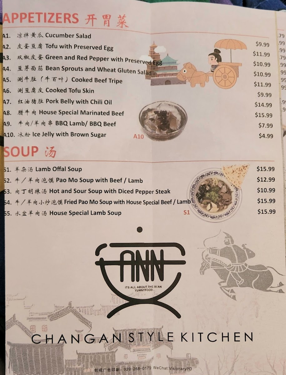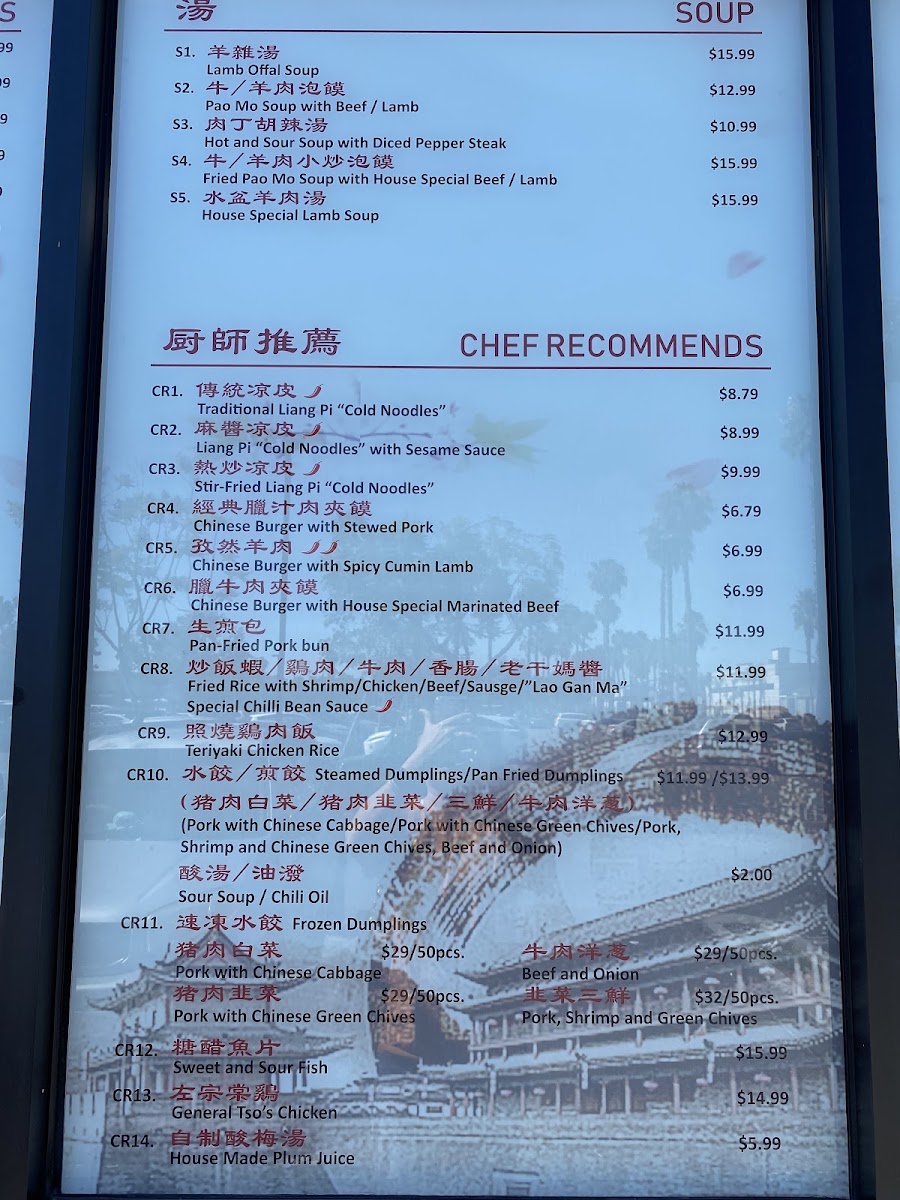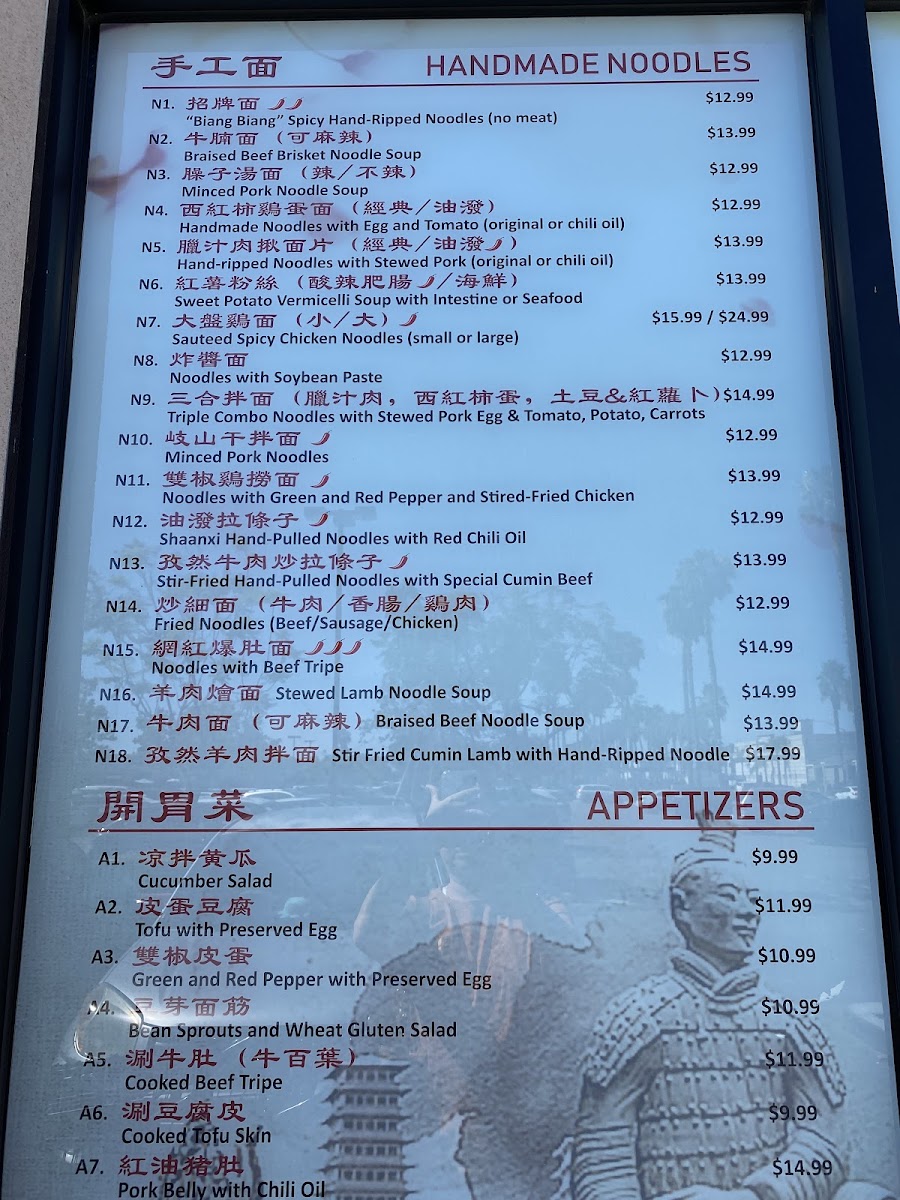 The menu at Changan Kitchen offers a variety of authentic Chinese dishes, focusing primarily on handmade noodles, soups, and traditional local specialties. It is organized into several key categories to help visitors navigate the selection.
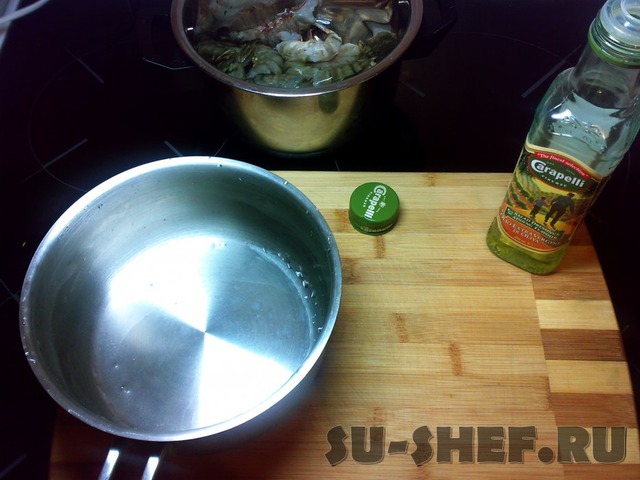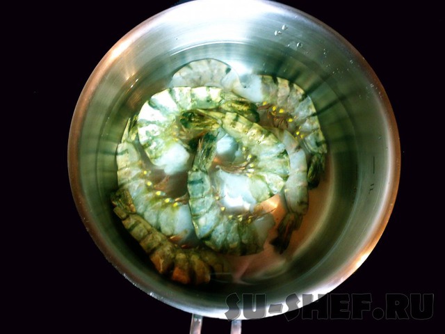 В небольшой сотейник с холодной водой погружаем мороженые креветки, на 10 минут.
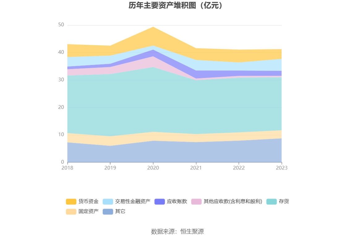 资产重大变化方面,截至2023年年末,公司交易性金融资产较上年末增加46.44%,占公司总资产比重上升3.28个百分点;货币资金较上年末减少23.42%,占公司总资产比重下降2.70个百分点;存货较上年末减少3.17%,占公司总资产比重下降1.76个百分点;预付款项较上年末增加37.39%,占公司总资产比重上升1.03个百分点。

- _Task to complete_
Reproduce the lines of the listing exactly, starting at the one that contains "В небольшой сотейник" and continuing through the final line, but leave out the pictures.

- _Answer for the task_
 В небольшой сотейник с холодной водой погружаем мороженые креветки, на 10 минут.
 资产重大变化方面,截至2023年年末,公司交易性金融资产较上年末增加46.44%,占公司总资产比重上升3.28个百分点;货币资金较上年末减少23.42%,占公司总资产比重下降2.70个百分点;存货较上年末减少3.17%,占公司总资产比重下降1.76个百分点;预付款项较上年末增加37.39%,占公司总资产比重上升1.03个百分点。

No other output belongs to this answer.